If Jonah thought I was so fucking pesky, I’d be the peskiest bitch he ever met.

???

Jonah

He was touching her. My beautiful Kai who had hidden from closeness and rejected intimacy was folded between the arms of an obnoxiously attractive mountain of a man. What if she didn’t want to be touched? What if I didn’t want her to be touched? Shit.

“Would you mind getting her away from him? I can’t watch that right now,” I whispered to June, who stood next to me. I couldn’t do it myself without exploding, without worsening this situation between us.

According to their little phone conversation last night, Kai and Aaron knew everything about each other. But not even that notion could scrape away the thoughts from my mind. Javi, Justin, and all the assholes in between. This wasn’t a game to be played. Aaron couldn’t push me with his stupid competitiveness. All he could do was stir up heartbreaking feelings from the past and douse my hatred for him in gasoline.

June turned to Thalia for a bit of small talk and waved Kai over. Kai broke free and approached them, and the three girls walked to a far corner, drinks in hand. My tense shoulders eased only the slightest bit as I watched them put distance between themselves and the rest of us.
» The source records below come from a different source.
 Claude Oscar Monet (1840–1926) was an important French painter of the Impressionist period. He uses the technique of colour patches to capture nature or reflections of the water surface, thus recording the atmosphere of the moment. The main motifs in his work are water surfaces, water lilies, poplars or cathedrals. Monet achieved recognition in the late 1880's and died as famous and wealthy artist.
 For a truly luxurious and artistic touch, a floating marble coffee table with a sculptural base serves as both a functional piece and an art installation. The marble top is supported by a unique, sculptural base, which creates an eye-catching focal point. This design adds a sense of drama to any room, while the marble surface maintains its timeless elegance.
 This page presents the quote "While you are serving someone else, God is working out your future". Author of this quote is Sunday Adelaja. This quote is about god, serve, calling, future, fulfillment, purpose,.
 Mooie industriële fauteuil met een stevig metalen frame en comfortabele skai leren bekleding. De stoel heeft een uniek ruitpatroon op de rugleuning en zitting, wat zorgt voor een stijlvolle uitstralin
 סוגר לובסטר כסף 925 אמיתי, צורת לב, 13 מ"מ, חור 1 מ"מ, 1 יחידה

A few minutes later, I dropped my bones into a plastic lawn chair beside Oli, hoping I could at least brood in peace without having to force conversation with the other guests. Every single person at the party was fucking gorgeous.

All of them.

There wasn’t a single one who appeared to neglect their physical health, not a single one who took to hiding in their room instead of going to the gym, or who wore the same few shirts instead of rotating through a real wardrobe. I turned to Oli, who’d hardly worked out a day in his life and wore the same red flannel he wore all throughout college. For some reason, it didn’t make me feel any better.
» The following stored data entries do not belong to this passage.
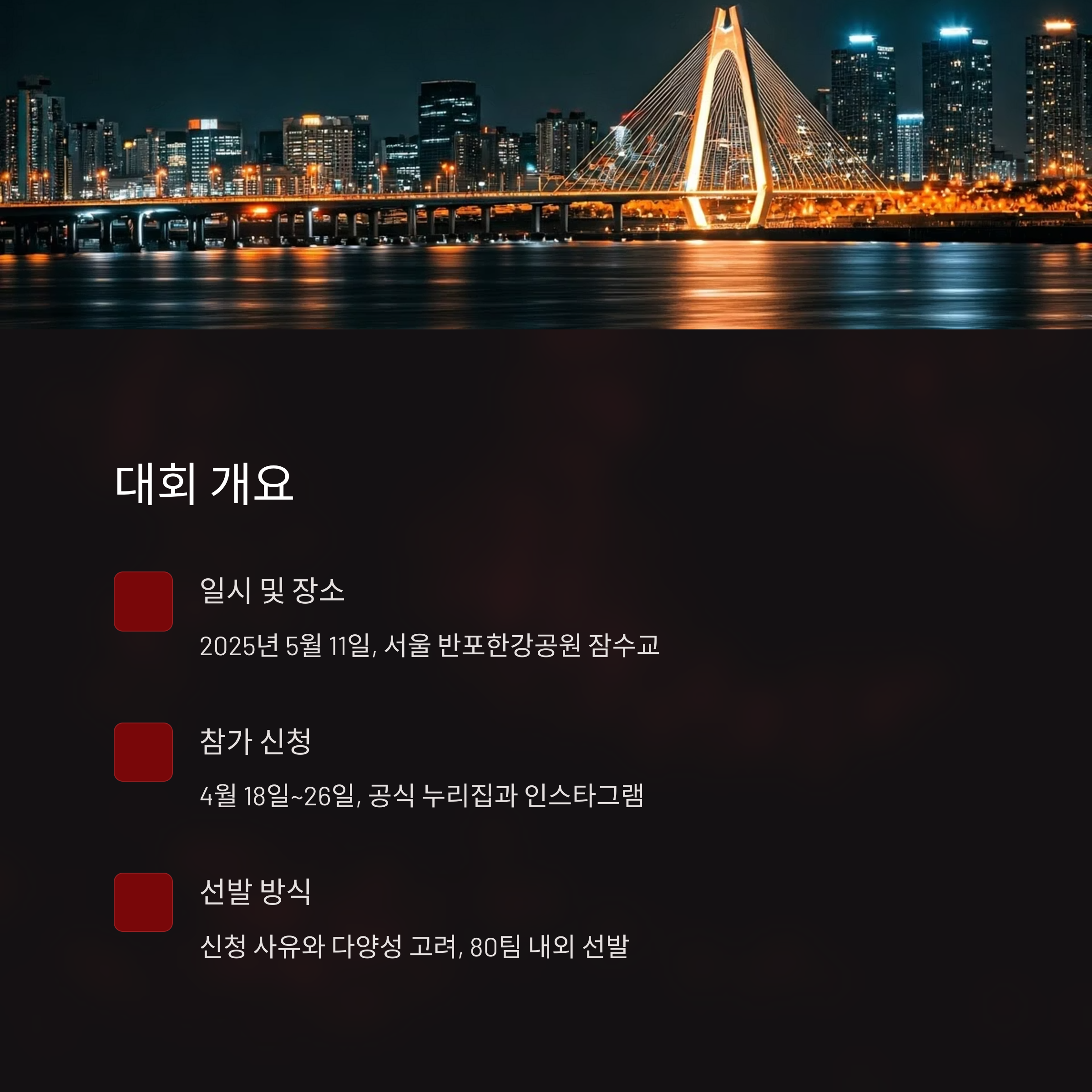 참가를 원하시는 분들은 2025년 4월 18일부터 26일까지 공식 홈페이지 또는 인스타그램을 통해 신청하시면 됩니다.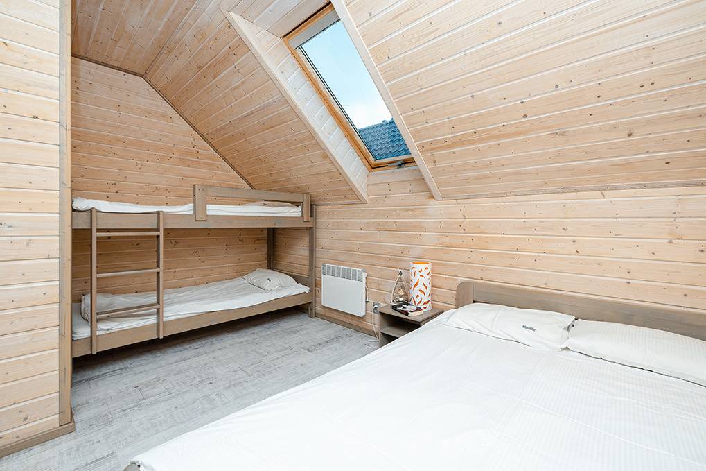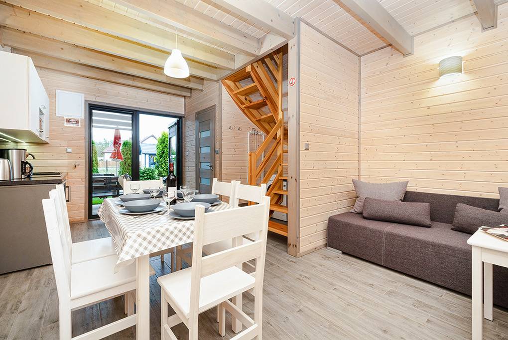 PL 51.8 Ferienhaus 2-9 Pers.: Stilvolles 3-Zimmer-Reihenhaus mit ca. 55 qm Wohnfläche über 2 Etagen. Schöner Wohn-/Essraum mit weißer Holzbalkendecke, bodentiefem Fenster, Klimaanlage mit Heizfunktion, Sofa (Ausziehcouch 2 Pers.), Sat-TV (dt. Programme), Esstisch, Küchenzeile (2 Platten Ceranfeld, Mikrowelle, Spülmaschine, Waschmaschine). Bad: Du, Wb, WC. Vom Wohnraum Holztreppe ins Dachgeschoss: 3-Bettzimmer mit franz. Doppelbett, Einzelbett. 4-Bettzimmer mit franz. Doppelbett, Etagenbett.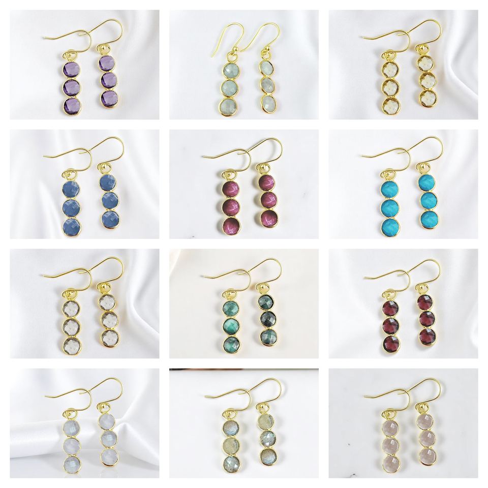 Boucles d'oreilles pendantes en pierre de labradorite ronde | Boucles d'oreilles longues en labradorite naturelle facettée, faites à la main, pour femmes

My new haircut had been a promise between us. Between Oli and me. More like a celebration. One day, we said years ago, when I was feeling better, I’d mark the new, happy phase of my life with some physical changes to match the mental ones. I’d cut away all the sadness and start fresh.

And I was feeling better.

I made the appointment the day after we went to the nightclub. Something about finally confiding in Kai about everything that had happened with Caroline made me realize how far I’d come, and I wanted to commemorate it with a surprise for my friends. To show them that I was growing.